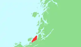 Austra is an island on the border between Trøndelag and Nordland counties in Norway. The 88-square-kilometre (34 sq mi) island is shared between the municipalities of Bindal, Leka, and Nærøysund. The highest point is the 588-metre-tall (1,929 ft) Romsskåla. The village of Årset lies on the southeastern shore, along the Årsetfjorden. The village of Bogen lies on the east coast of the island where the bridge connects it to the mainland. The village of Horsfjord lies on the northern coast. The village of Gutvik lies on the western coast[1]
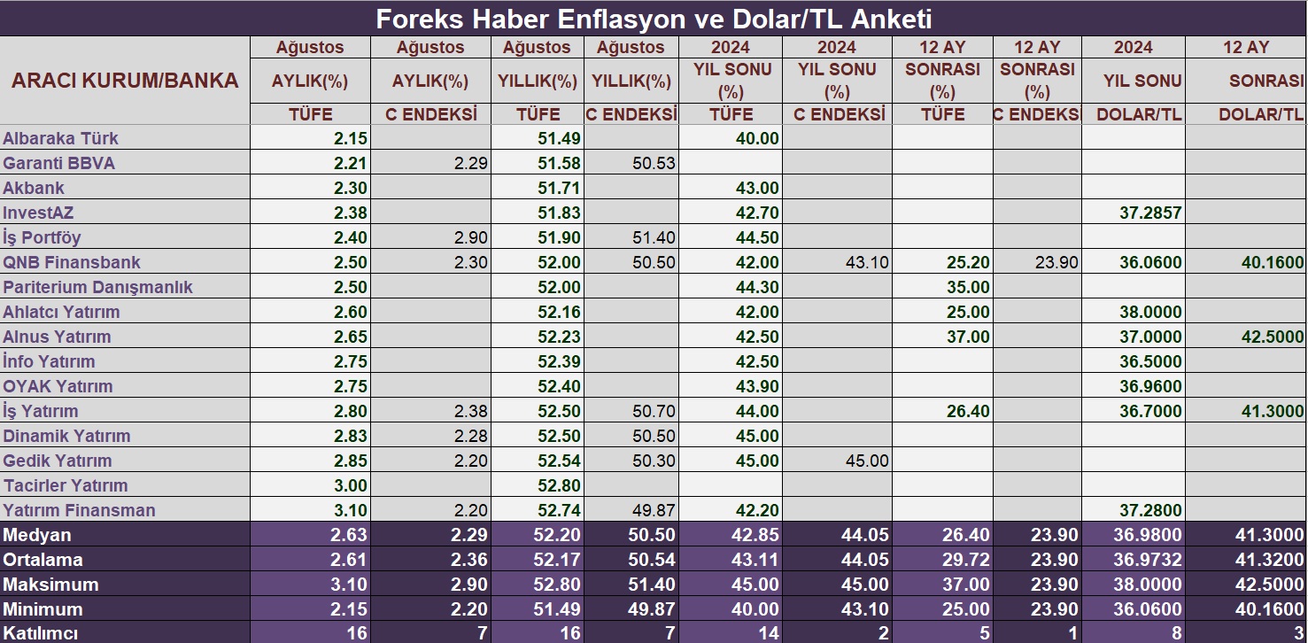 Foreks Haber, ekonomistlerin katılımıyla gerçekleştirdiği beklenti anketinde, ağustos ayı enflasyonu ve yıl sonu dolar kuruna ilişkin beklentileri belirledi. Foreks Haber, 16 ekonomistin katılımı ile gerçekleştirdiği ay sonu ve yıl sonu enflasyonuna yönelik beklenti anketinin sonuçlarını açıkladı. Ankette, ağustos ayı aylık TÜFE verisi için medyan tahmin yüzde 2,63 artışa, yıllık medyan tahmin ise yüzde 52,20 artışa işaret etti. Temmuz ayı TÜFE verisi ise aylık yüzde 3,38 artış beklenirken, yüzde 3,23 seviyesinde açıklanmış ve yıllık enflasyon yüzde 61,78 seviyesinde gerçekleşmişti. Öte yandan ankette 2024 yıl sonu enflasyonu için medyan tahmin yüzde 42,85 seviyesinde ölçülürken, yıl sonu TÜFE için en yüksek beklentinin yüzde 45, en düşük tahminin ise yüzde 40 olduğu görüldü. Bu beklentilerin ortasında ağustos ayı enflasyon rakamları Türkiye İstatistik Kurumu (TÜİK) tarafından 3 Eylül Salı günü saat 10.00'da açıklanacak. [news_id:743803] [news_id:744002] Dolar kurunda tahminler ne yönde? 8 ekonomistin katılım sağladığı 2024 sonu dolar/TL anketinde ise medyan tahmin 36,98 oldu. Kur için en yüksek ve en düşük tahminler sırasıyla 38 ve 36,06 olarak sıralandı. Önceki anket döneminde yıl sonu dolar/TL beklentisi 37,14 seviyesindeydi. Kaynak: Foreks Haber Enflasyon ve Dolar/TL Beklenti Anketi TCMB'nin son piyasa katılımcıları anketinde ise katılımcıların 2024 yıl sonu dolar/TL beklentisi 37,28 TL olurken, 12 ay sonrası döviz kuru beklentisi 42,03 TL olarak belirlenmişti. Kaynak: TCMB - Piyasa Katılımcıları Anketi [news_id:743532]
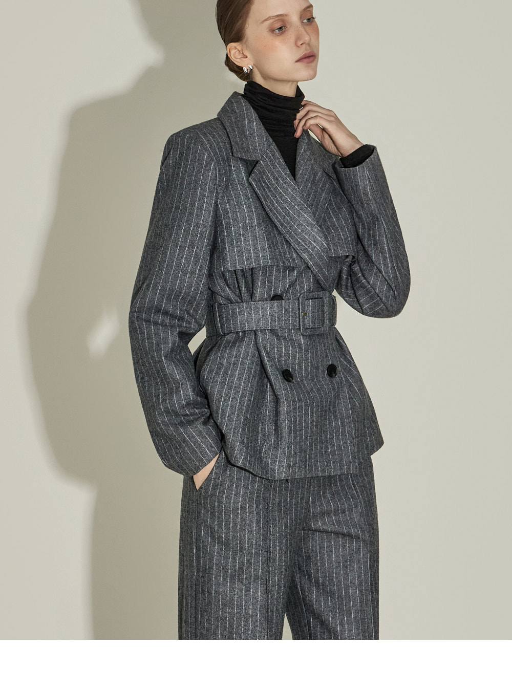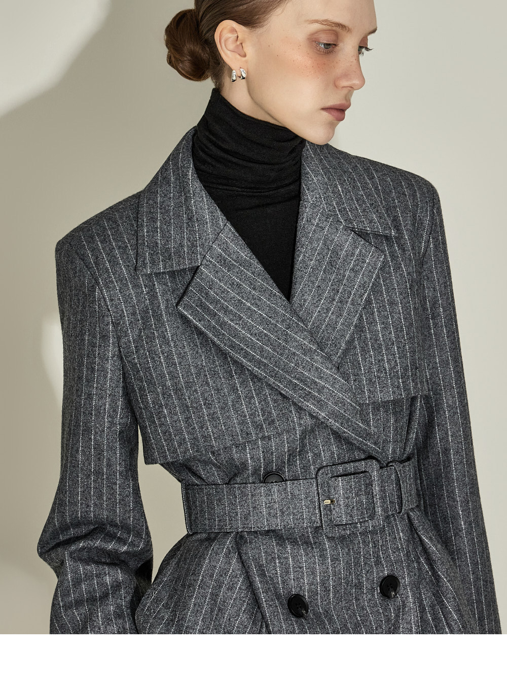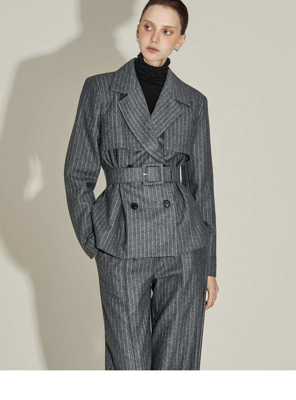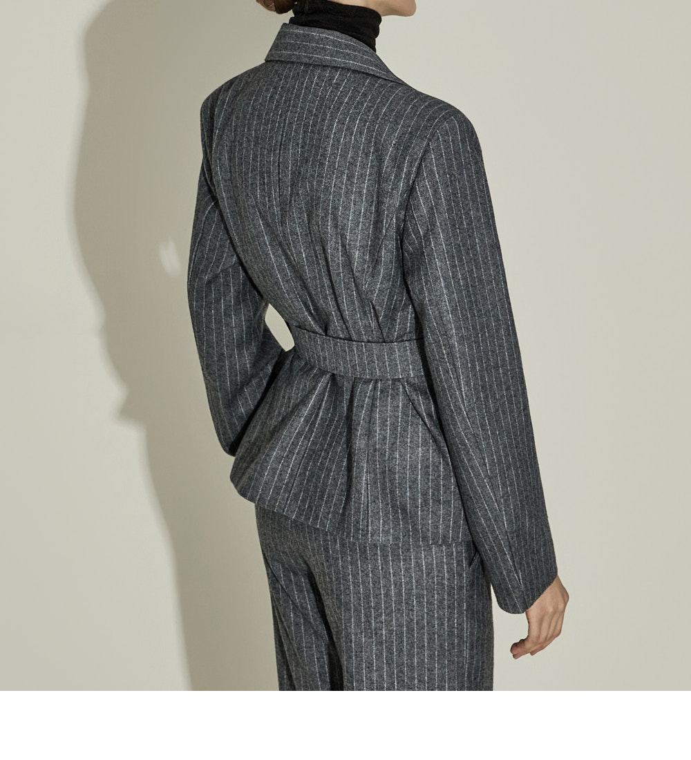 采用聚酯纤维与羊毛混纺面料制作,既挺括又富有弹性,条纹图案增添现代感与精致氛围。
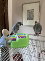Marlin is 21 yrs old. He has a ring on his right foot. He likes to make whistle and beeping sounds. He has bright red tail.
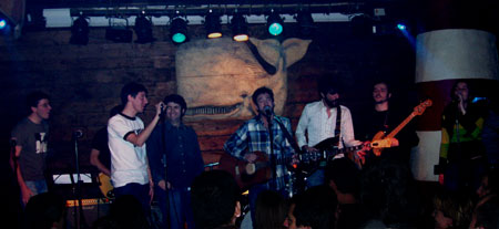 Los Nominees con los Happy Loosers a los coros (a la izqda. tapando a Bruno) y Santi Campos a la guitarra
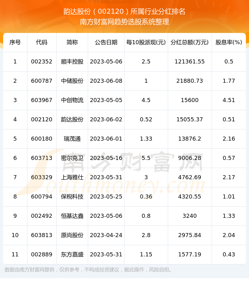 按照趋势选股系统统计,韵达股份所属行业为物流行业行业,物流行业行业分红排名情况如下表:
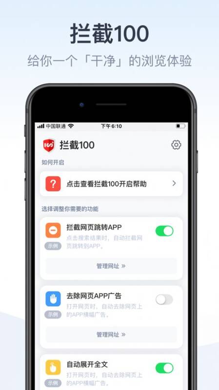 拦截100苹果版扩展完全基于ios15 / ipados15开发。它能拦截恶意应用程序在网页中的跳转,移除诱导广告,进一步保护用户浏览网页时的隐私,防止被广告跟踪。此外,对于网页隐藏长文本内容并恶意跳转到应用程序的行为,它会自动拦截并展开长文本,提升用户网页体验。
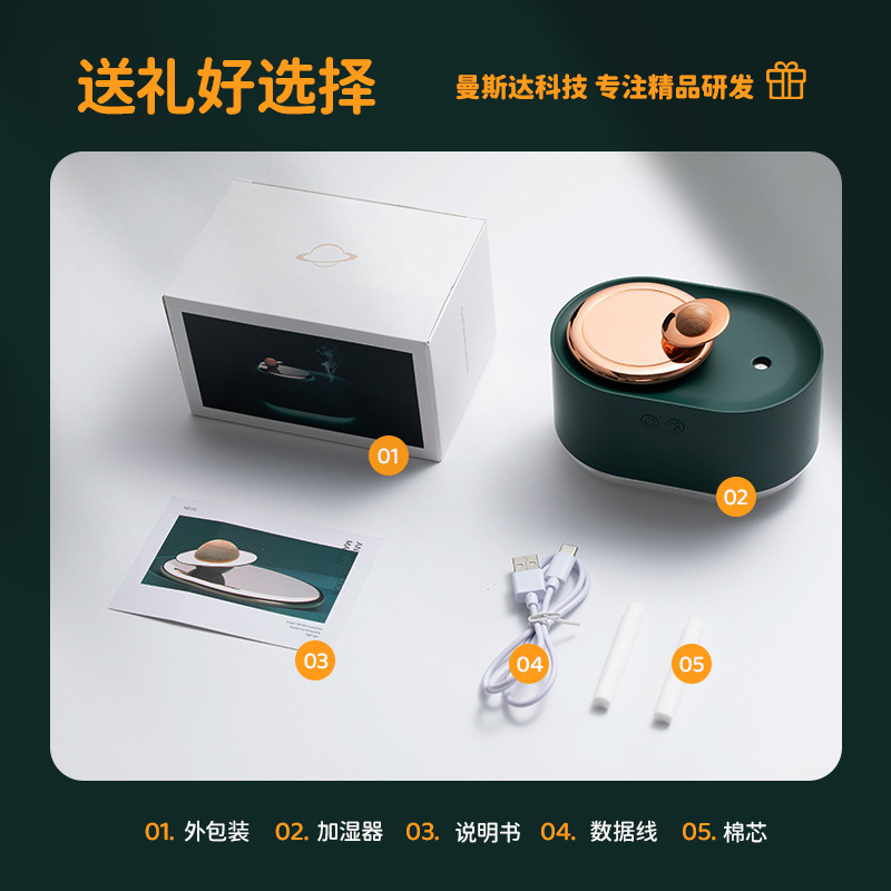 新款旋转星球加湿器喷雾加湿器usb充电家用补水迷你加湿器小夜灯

==

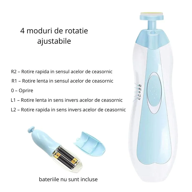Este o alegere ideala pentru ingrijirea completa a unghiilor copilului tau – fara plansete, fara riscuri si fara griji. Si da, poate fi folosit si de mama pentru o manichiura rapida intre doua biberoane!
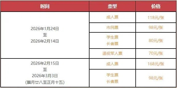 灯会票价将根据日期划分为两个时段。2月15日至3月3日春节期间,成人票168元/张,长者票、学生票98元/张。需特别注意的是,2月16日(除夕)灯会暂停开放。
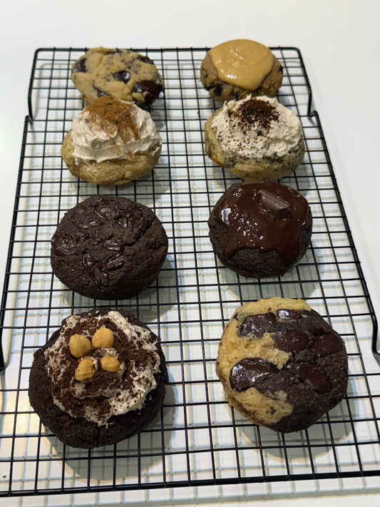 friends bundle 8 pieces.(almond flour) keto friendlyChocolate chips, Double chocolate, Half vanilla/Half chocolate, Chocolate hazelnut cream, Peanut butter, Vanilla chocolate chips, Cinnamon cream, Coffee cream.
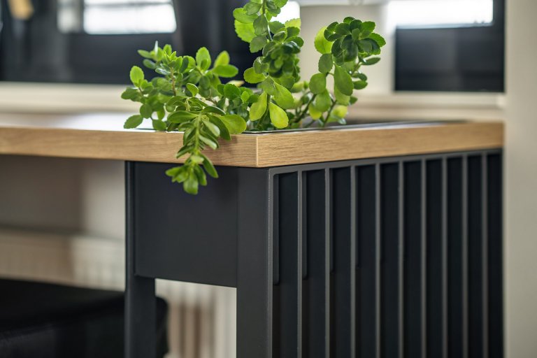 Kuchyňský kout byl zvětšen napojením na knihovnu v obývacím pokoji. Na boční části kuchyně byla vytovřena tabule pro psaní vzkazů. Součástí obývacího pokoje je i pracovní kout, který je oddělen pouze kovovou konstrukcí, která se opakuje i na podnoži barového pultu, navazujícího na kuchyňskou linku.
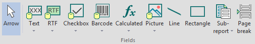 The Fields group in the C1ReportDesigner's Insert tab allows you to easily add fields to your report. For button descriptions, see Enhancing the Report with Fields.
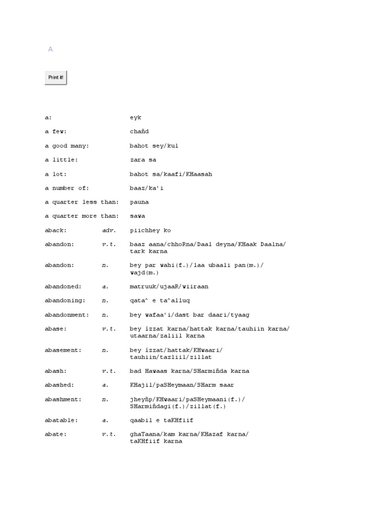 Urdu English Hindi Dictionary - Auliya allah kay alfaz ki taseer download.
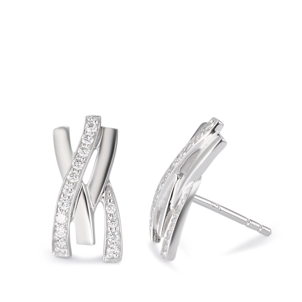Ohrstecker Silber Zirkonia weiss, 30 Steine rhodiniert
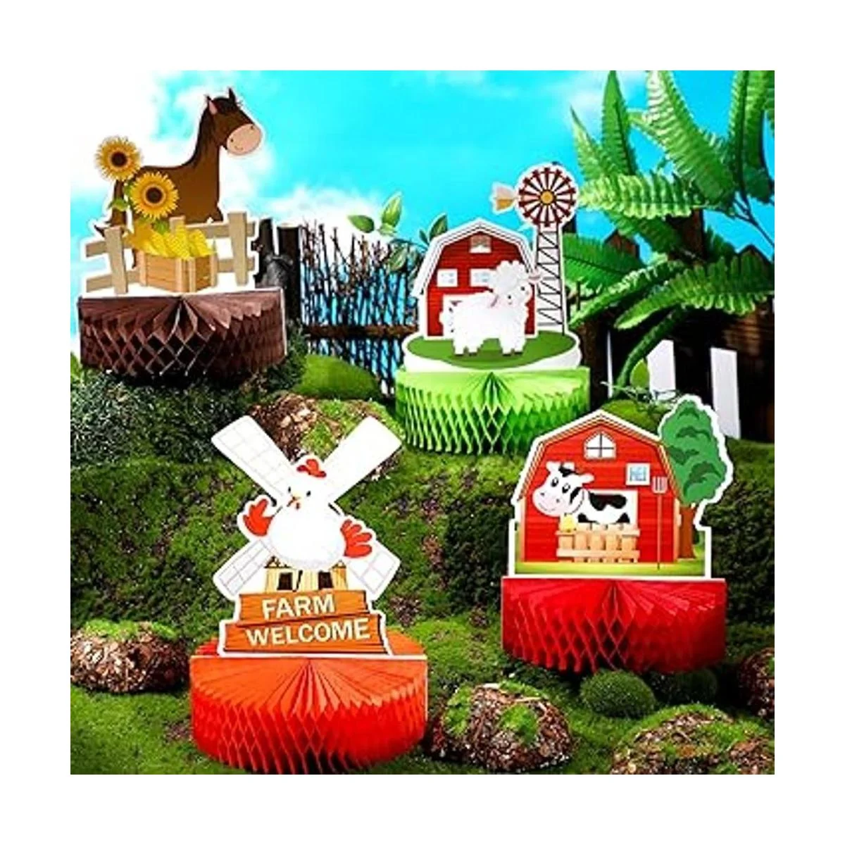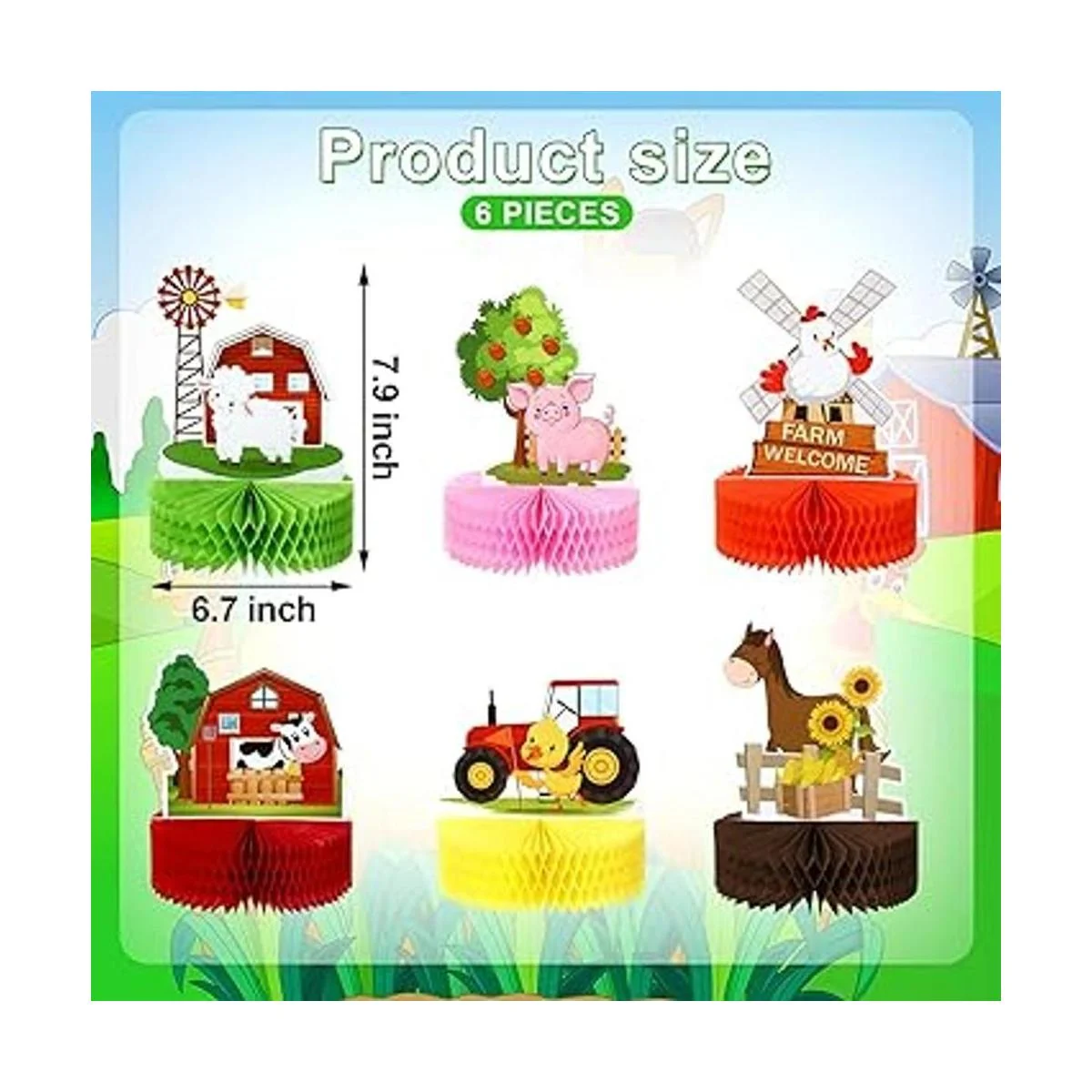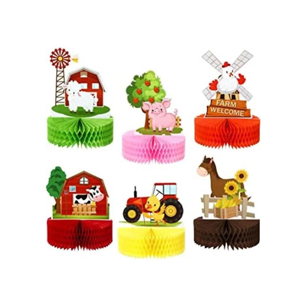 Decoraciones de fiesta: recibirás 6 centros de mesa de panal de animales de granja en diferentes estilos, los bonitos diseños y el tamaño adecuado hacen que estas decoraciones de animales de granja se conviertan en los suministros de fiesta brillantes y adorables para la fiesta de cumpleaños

_WORK TO BE COMPLETED_: In the listing above, find the line with "Urdu English Hindi" and the line with "Decoraciones de fiesta: recibirás". Output both, plus every line between them, and no pictures.

_REPLY_:
 Urdu English Hindi Dictionary - Auliya allah kay alfaz ki taseer download.
Ohrstecker Silber Zirkonia weiss, 30 Steine rhodiniert
 Decoraciones de fiesta: recibirás 6 centros de mesa de panal de animales de granja en diferentes estilos, los bonitos diseños y el tamaño adecuado hacen que estas decoraciones de animales de granja se conviertan en los suministros de fiesta brillantes y adorables para la fiesta de cumpleaños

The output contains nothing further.